Extracted records:
****************************************
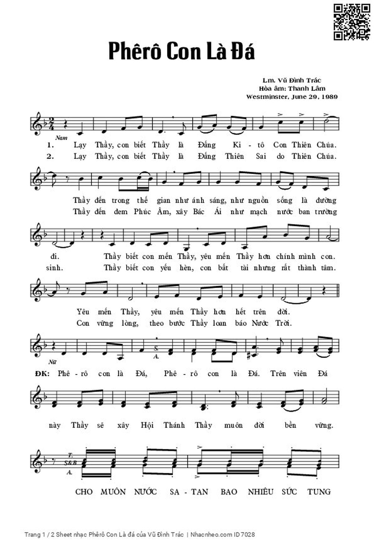 ĐK: Phê-rô con là Đá, Phê-rô con là Đá. Trên viên Đá này Thầy sẽ xây Hội Thánh Thầy muôn đời bền vững. Cho muôn nước Sa-tan bao nhiêu sức tung hoành, bao nhiêu sức vẫy vùng nhưng vẫn không hại được con. Thầy trao cho con chìa khóa Nước Trời. Con cầm buộc ai, giải thoát ai thì trên trời cũng cầm buộc và giải thoát theo ý con.
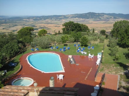 PoolanlageHier sieht man den Pool vom Zimmer aus und auch die schöne Liegewiese mit den Sonnenliegen, welche jeden Morgen gereinigt wurden.
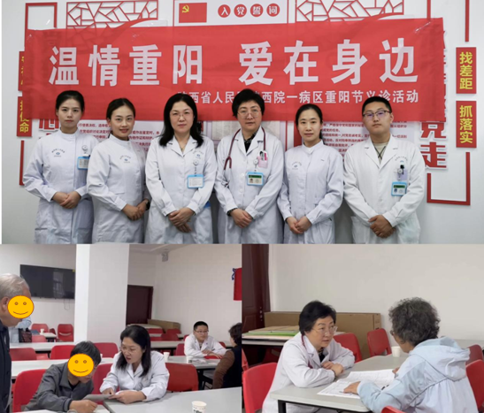 金秋十月秋风爽,九九佳节话重阳。10月13日下午,在重阳节来临之际,为大力弘扬中华民族尊老、敬老、爱老、助老的传统美德,增强老年人的预防保健意识,普及慢性病知识,传播健康理念,西院一病区赵媛主任带领科室医护人员走进陕西省高级人民法院家属院开展以“情暖重阳节,义诊送健康”为主题的关爱活动,为老人们送上温暖与关怀。
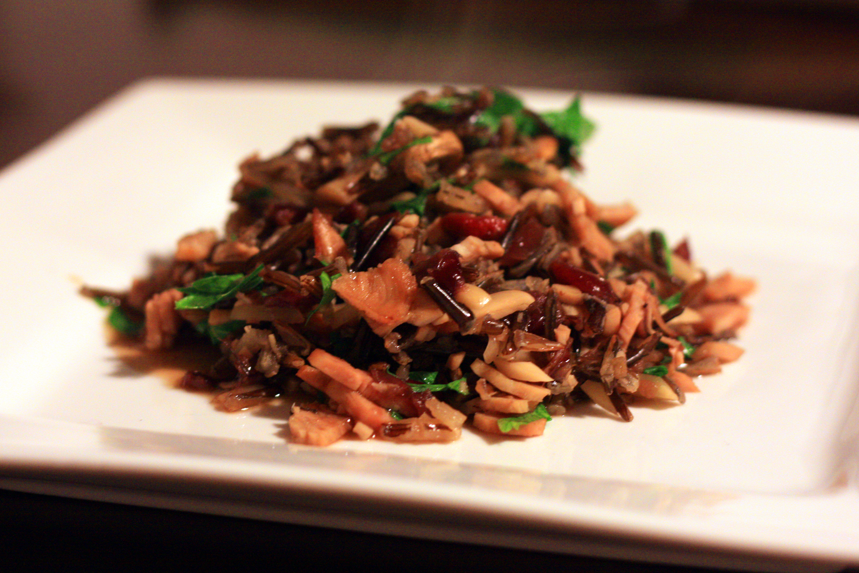 I’ve been having a hankering for wild rice. I absolutely love the texture of it and it’s so good for you. I also love the flavour of nuts and raisins in food which are common in various Moroccan dishes. The sweet and savoury flavours are accentuated by the soft and crunchy textures. In trying to keep this healthy I chose to use turkey breast which is fairly low in cholesterol so craisins (dried cranberries) seemed like a logical addition to this dish. For two people the recipe is as follows.
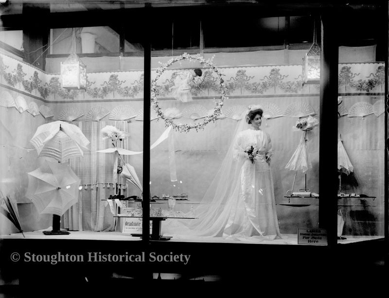 Guest | March 4, 2022This is likely the west display window of P I Hale dry goods store (including carpets, millinery, and ladies tailoring) -- note that the DSCF0510 photo shows the same window. If so, this would be a photo of 112-114 W Main St (pre-July-1970 address; today in 2022 it is the Chorus Public House, with its address being 154 W Main St).DSCF6689 web DSCF6689 web
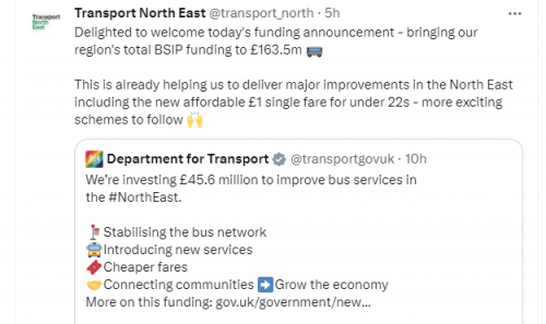 So the trumpet blowers at Transport North East are today celebrating a Department of Transport announcement, claiming to be investing £45.6 million into improving bus services. TNE claim this to be
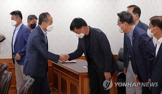 (서울=연합뉴스) 김인철 기자 = 추경호 경제부총리 겸 기획재정부 장관(왼쪽)이 15일 오후 서울 종로구 정부서울청사에서 열린 경제관계장관 간담회에 참석한 최상목 대통령비서실 경제수석과 인사하고 있다. 2022.5.15
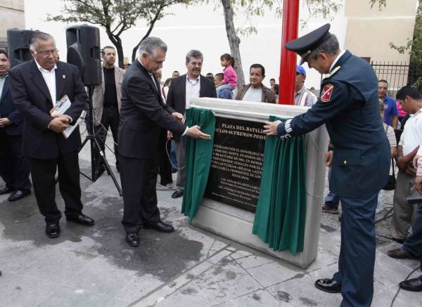 La placa de granito de 1 metro por 75 centímetros, fue develada por el Presidente Municipal y el Comandante de la Guarnición Militar de la Plaza, Vicente Antonio Hernández Sánchez, en presencia de autoridades municipales y ciudadanos juarenses que fungieron como testigos de honor.
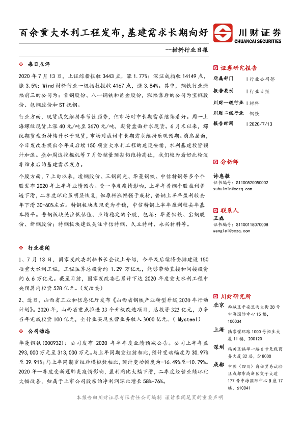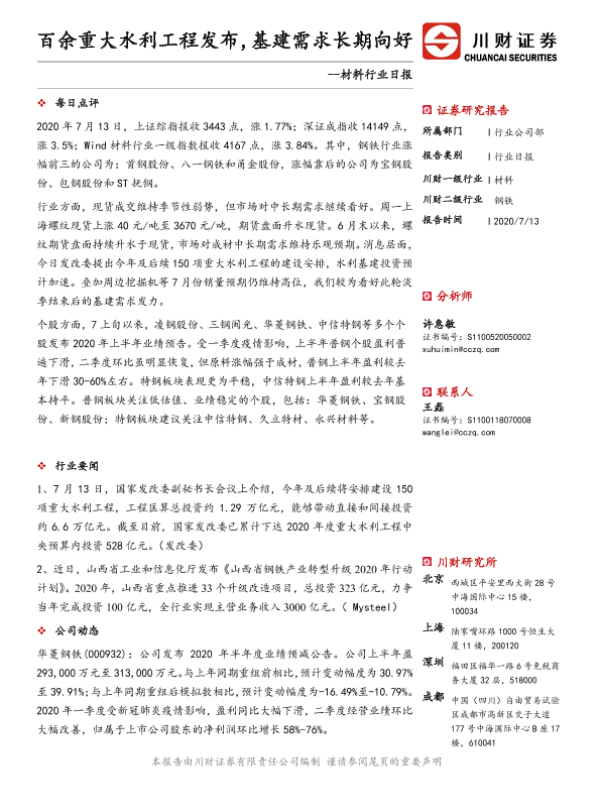 【川财证券】【20200713】材料行业日报:百余重大水利工程发布,基建需求长期向好-3页
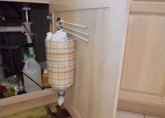Большие пакеты с ручками можно складывать в пластиковую бутыль с отрезанным дном. Ее рекомендуется прикрепить к стенке за прорезанное с одной стороны ушко. Сделанную из пластика емкость можно спрятать в сшитый из ткани или связанный крючком яркий чехол. Тару ставят на подоконник или в ящик стола.
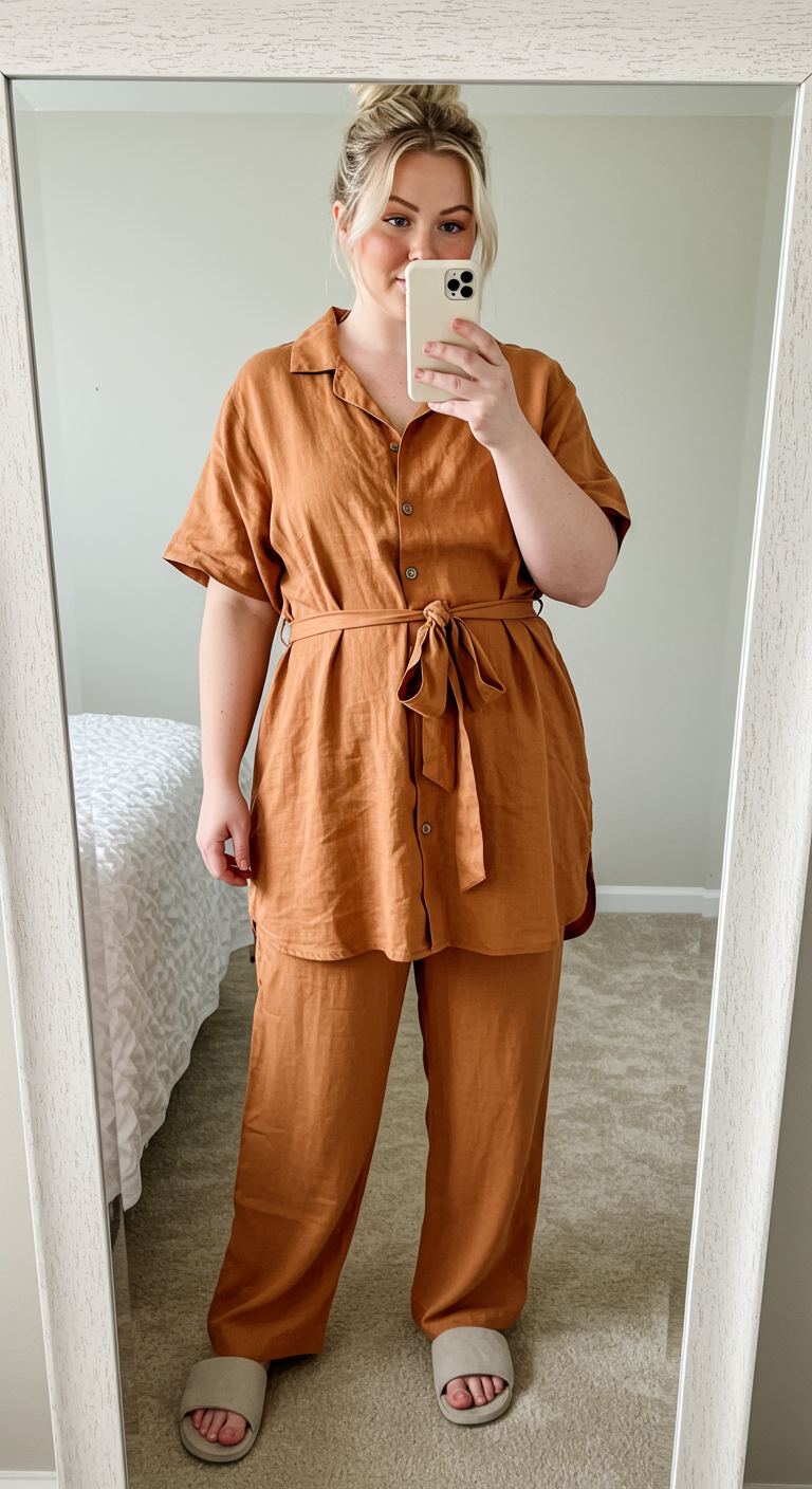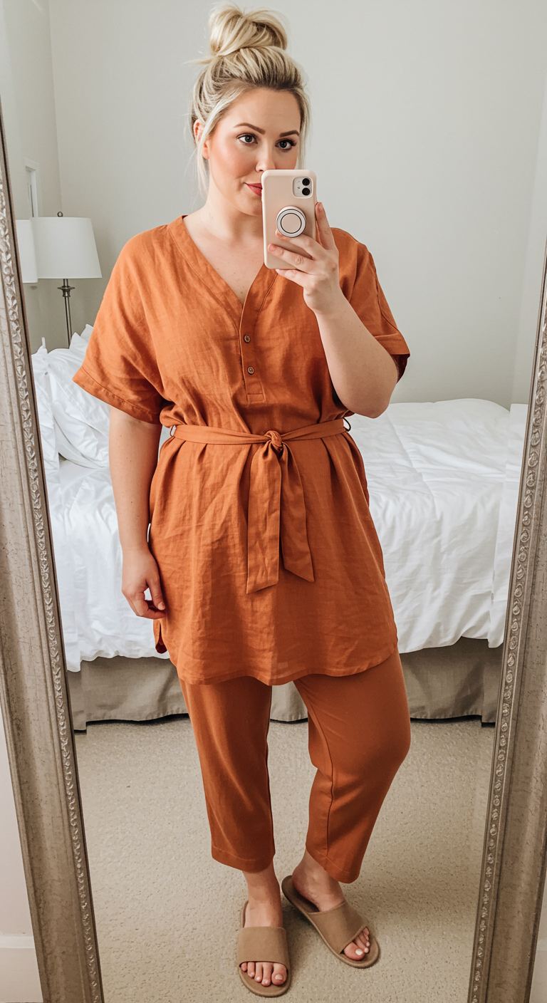 The warm terracotta hue of this relaxed two-piece ensemble immediately draws the eye, offering a sophisticated take on casual wear. The tunic top, cinched at the waist with a self-tie belt, creates a flattering silhouette while the coordinating cropped pants ensure a comfortable yet polished aesthetic. This outfit is ideal for those who appreciate understated elegance and can effortlessly transition from a relaxed brunch to a casual evening gathering. The breathable linen-blend fabric and monochrome styling make it a versatile choice for various body types and personal styles, particularly those favoring comfort without compromising on chic appeal.
****************************************
Task details
The entries above are to be restated verbatim, with no pictures carried over.

Solution to this exercise
 ĐK: Phê-rô con là Đá, Phê-rô con là Đá. Trên viên Đá này Thầy sẽ xây Hội Thánh Thầy muôn đời bền vững. Cho muôn nước Sa-tan bao nhiêu sức tung hoành, bao nhiêu sức vẫy vùng nhưng vẫn không hại được con. Thầy trao cho con chìa khóa Nước Trời. Con cầm buộc ai, giải thoát ai thì trên trời cũng cầm buộc và giải thoát theo ý con.
 PoolanlageHier sieht man den Pool vom Zimmer aus und auch die schöne Liegewiese mit den Sonnenliegen, welche jeden Morgen gereinigt wurden.
 金秋十月秋风爽,九九佳节话重阳。10月13日下午,在重阳节来临之际,为大力弘扬中华民族尊老、敬老、爱老、助老的传统美德,增强老年人的预防保健意识,普及慢性病知识,传播健康理念,西院一病区赵媛主任带领科室医护人员走进陕西省高级人民法院家属院开展以“情暖重阳节,义诊送健康”为主题的关爱活动,为老人们送上温暖与关怀。
 I’ve been having a hankering for wild rice. I absolutely love the texture of it and it’s so good for you. I also love the flavour of nuts and raisins in food which are common in various Moroccan dishes. The sweet and savoury flavours are accentuated by the soft and crunchy textures. In trying to keep this healthy I chose to use turkey breast which is fairly low in cholesterol so craisins (dried cranberries) seemed like a logical addition to this dish. For two people the recipe is as follows.
 Guest | March 4, 2022This is likely the west display window of P I Hale dry goods store (including carpets, millinery, and ladies tailoring) -- note that the DSCF0510 photo shows the same window. If so, this would be a photo of 112-114 W Main St (pre-July-1970 address; today in 2022 it is the Chorus Public House, with its address being 154 W Main St).DSCF6689 web DSCF6689 web
 So the trumpet blowers at Transport North East are today celebrating a Department of Transport announcement, claiming to be investing £45.6 million into improving bus services. TNE claim this to be
 (서울=연합뉴스) 김인철 기자 = 추경호 경제부총리 겸 기획재정부 장관(왼쪽)이 15일 오후 서울 종로구 정부서울청사에서 열린 경제관계장관 간담회에 참석한 최상목 대통령비서실 경제수석과 인사하고 있다. 2022.5.15
 La placa de granito de 1 metro por 75 centímetros, fue develada por el Presidente Municipal y el Comandante de la Guarnición Militar de la Plaza, Vicente Antonio Hernández Sánchez, en presencia de autoridades municipales y ciudadanos juarenses que fungieron como testigos de honor.
 【川财证券】【20200713】材料行业日报:百余重大水利工程发布,基建需求长期向好-3页
Большие пакеты с ручками можно складывать в пластиковую бутыль с отрезанным дном. Ее рекомендуется прикрепить к стенке за прорезанное с одной стороны ушко. Сделанную из пластика емкость можно спрятать в сшитый из ткани или связанный крючком яркий чехол. Тару ставят на подоконник или в ящик стола.
 The warm terracotta hue of this relaxed two-piece ensemble immediately draws the eye, offering a sophisticated take on casual wear. The tunic top, cinched at the waist with a self-tie belt, creates a flattering silhouette while the coordinating cropped pants ensure a comfortable yet polished aesthetic. This outfit is ideal for those who appreciate understated elegance and can effortlessly transition from a relaxed brunch to a casual evening gathering. The breathable linen-blend fabric and monochrome styling make it a versatile choice for various body types and personal styles, particularly those favoring comfort without compromising on chic appeal.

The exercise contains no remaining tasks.